# **Fine-tuning T5 for Question Answering**
## **Group 16:**
1. **Alvito Kiflan Hawari (1103220235)**
2. **Nafal Rifky Atsilah Maulana (1103223106)**

This cell imports all the necessary libraries for the project, including `torch`, `torch.nn`, `DataLoader`, `AdamW`, `T5ForConditionalGeneration`, `T5TokenizerFast`, `get_linear_schedule_with_warmup` from `transformers`, `load_dataset` from `datasets`, `numpy`, `tqdm` for progress bars, and `os` for operating system functionalities.

In [None]:
import torch
import torch.nn as nn
from torch.utils.data import DataLoader
from torch.optim import AdamW
from transformers import T5ForConditionalGeneration, T5TokenizerFast, get_linear_schedule_with_warmup
from datasets import load_dataset
import numpy as np
from tqdm import tqdm
import os

This cell sets up the device for computation, automatically detecting if a CUDA-enabled GPU is available. If so, it uses the GPU; otherwise, it defaults to the CPU. It then prints the device being used.

In [None]:
device = torch.device("cuda" if torch.cuda.is_available() else "cpu")
print(f"Using device: {device}")

Using device: cuda


This cell loads the SQuAD dataset from Hugging Face datasets. It then prints the number of samples in both the training and validation sets, providing an overview of the dataset size.

In [None]:
dataset = load_dataset("rajpurkar/squad")
print(f"Train samples: {len(dataset['train'])}")
print(f"Validation samples: {len(dataset['validation'])}")

The secret `HF_TOKEN` does not exist in your Colab secrets.
To authenticate with the Hugging Face Hub, create a token in your settings tab (https://huggingface.co/settings/tokens), set it as secret in your Google Colab and restart your session.
You will be able to reuse this secret in all of your notebooks.
Please note that authentication is recommended but still optional to access public models or datasets.


README.md: 0.00B [00:00, ?B/s]

plain_text/train-00000-of-00001.parquet:   0%|          | 0.00/14.5M [00:00<?, ?B/s]

plain_text/validation-00000-of-00001.par(…):   0%|          | 0.00/1.82M [00:00<?, ?B/s]

Generating train split:   0%|          | 0/87599 [00:00<?, ? examples/s]

Generating validation split:   0%|          | 0/10570 [00:00<?, ? examples/s]

Train samples: 87599
Validation samples: 10570


This cell initializes the T5 tokenizer and defines a `preprocess_function` to prepare the SQuAD dataset for the T5 model. It formats the input as 'question: [question] context: [context]' and the target as the answer text. It then applies this function to the training and validation subsets of the dataset, truncating the original full dataset to 10000 training and 1000 validation samples, and sets the format to PyTorch tensors.

In [None]:
tokenizer = T5TokenizerFast.from_pretrained("t5-base")

def preprocess_function(examples):
    inputs = []
    targets = []
    for question, context, answers in zip(examples['question'], examples['context'], examples['answers']):
        input_text = f"question: {question} context: {context}"
        inputs.append(input_text)
        target_text = answers['text'][0] if answers['text'] else ""
        targets.append(target_text)

    model_inputs = tokenizer(inputs, max_length=512, truncation=True, padding="max_length")
    labels = tokenizer(targets, max_length=128, truncation=True, padding="max_length")
    model_inputs["labels"] = labels["input_ids"]
    return model_inputs

train_dataset = dataset["train"].select(range(10000))
val_dataset = dataset["validation"].select(range(1000))
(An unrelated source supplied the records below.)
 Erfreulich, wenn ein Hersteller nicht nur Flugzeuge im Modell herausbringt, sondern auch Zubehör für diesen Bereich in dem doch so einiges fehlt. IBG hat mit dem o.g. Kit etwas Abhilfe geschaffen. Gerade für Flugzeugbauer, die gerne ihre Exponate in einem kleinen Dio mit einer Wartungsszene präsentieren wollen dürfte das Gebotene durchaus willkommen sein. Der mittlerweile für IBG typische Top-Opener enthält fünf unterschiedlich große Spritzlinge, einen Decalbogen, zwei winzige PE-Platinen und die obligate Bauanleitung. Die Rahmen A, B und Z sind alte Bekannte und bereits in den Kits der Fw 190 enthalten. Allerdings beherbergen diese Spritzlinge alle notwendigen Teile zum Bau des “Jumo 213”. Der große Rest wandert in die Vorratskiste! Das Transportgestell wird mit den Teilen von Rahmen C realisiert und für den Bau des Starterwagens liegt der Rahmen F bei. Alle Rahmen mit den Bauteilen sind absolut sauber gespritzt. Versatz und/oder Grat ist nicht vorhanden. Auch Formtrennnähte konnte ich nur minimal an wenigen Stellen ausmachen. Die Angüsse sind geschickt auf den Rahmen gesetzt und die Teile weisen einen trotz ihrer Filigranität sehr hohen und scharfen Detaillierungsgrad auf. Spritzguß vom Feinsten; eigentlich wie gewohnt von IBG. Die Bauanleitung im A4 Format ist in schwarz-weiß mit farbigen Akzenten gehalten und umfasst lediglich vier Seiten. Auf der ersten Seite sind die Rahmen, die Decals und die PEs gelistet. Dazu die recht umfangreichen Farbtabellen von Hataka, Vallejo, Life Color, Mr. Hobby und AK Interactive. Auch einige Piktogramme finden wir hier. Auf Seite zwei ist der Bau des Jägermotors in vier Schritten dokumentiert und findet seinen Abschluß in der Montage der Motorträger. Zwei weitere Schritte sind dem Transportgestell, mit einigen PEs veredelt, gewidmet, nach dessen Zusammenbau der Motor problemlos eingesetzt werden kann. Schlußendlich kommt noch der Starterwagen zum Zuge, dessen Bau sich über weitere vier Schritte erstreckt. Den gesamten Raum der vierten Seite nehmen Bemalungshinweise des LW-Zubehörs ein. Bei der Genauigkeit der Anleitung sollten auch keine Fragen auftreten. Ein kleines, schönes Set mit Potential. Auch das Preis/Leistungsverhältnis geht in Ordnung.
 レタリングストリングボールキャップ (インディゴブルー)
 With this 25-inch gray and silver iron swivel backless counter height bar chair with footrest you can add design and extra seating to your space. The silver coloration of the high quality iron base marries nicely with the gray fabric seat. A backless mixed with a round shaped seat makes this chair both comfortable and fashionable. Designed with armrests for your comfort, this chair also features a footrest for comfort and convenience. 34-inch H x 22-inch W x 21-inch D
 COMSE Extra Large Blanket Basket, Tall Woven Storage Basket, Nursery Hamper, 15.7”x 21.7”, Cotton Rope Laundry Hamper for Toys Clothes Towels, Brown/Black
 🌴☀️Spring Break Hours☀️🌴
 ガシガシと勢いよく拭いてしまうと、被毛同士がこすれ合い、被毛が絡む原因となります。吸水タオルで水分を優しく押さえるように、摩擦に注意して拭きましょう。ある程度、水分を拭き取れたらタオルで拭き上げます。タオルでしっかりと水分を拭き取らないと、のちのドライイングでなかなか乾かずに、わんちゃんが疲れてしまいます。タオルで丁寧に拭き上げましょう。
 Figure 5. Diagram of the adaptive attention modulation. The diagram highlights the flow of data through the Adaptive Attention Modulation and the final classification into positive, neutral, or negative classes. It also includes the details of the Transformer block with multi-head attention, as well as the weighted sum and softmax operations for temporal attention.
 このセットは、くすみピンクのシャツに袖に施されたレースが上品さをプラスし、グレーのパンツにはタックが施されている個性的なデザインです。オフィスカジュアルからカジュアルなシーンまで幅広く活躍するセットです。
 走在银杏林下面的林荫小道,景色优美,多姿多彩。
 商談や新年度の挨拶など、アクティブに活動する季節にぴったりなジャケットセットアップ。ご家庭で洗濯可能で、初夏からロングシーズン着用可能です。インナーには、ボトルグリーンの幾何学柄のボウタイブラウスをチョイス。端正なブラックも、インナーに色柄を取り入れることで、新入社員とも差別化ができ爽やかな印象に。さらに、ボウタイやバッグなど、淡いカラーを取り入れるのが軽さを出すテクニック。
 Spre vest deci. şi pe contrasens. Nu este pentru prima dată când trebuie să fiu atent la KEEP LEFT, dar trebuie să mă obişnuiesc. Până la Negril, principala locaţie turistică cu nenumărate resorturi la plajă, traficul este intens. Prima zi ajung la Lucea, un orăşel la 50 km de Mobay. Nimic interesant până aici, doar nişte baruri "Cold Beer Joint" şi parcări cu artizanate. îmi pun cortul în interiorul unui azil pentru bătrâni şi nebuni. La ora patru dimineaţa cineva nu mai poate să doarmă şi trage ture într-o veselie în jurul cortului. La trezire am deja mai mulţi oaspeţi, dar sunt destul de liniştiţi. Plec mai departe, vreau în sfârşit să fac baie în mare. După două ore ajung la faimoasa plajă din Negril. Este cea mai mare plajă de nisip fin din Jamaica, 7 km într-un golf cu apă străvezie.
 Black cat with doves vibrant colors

train_dataset = train_dataset.map(preprocess_function, batched=True, remove_columns=dataset["train"].column_names)
val_dataset = val_dataset.map(preprocess_function, batched=True, remove_columns=dataset["validation"].column_names)

train_dataset.set_format(type="torch")
val_dataset.set_format(type="torch")

spiece.model:   0%|          | 0.00/792k [00:00<?, ?B/s]

tokenizer.json:   0%|          | 0.00/1.39M [00:00<?, ?B/s]

config.json:   0%|          | 0.00/1.21k [00:00<?, ?B/s]

Map:   0%|          | 0/10000 [00:00<?, ? examples/s]

Map:   0%|          | 0/1000 [00:00<?, ? examples/s]

This cell defines the `PrefixTuningT5` custom model class, which adapts a T5 model for prefix-tuning. It introduces a `prefix_tokens` parameter that will be prepended to the input embeddings and attention mask. The base T5 model's parameters are frozen, meaning only the `prefix_tokens` will be trained. The `forward` method is overridden to handle the prefix and pass it through the encoder and decoder.

In [None]:
class PrefixTuningT5(nn.Module):
    def __init__(self, base_model, prefix_length=20):
        super().__init__()
        self.base_model = base_model
        self.prefix_length = prefix_length
        self.hidden_size = base_model.config.d_model

        self.prefix_tokens = nn.Parameter(torch.randn(prefix_length, self.hidden_size))

        for name, param in self.base_model.named_parameters():
            param.requires_grad = False

    def forward(self, input_ids, attention_mask, labels=None):
        batch_size = input_ids.shape[0]

        inputs_embeds = self.base_model.encoder.embed_tokens(input_ids)
        prefix_embeds = self.prefix_tokens.unsqueeze(0).expand(batch_size, -1, -1)
        inputs_embeds = torch.cat([prefix_embeds, inputs_embeds], dim=1)

        prefix_attention_mask = torch.ones(batch_size, self.prefix_length, device=attention_mask.device, dtype=attention_mask.dtype)
        extended_attention_mask = torch.cat([prefix_attention_mask, attention_mask], dim=1)

        encoder_outputs = self.base_model.encoder(
            inputs_embeds=inputs_embeds,
            attention_mask=extended_attention_mask,
            return_dict=True
        )

        decoder_outputs = self.base_model.decoder(
            input_ids=labels if labels is not None else None,
            encoder_hidden_states=encoder_outputs.last_hidden_state,
            encoder_attention_mask=extended_attention_mask,
            return_dict=True
        )

        lm_logits = self.base_model.lm_head(decoder_outputs.last_hidden_state)

        loss = None
        if labels is not None:
            loss_fct = nn.CrossEntropyLoss(ignore_index=-100)
            loss = loss_fct(lm_logits.view(-1, lm_logits.size(-1)), labels.view(-1))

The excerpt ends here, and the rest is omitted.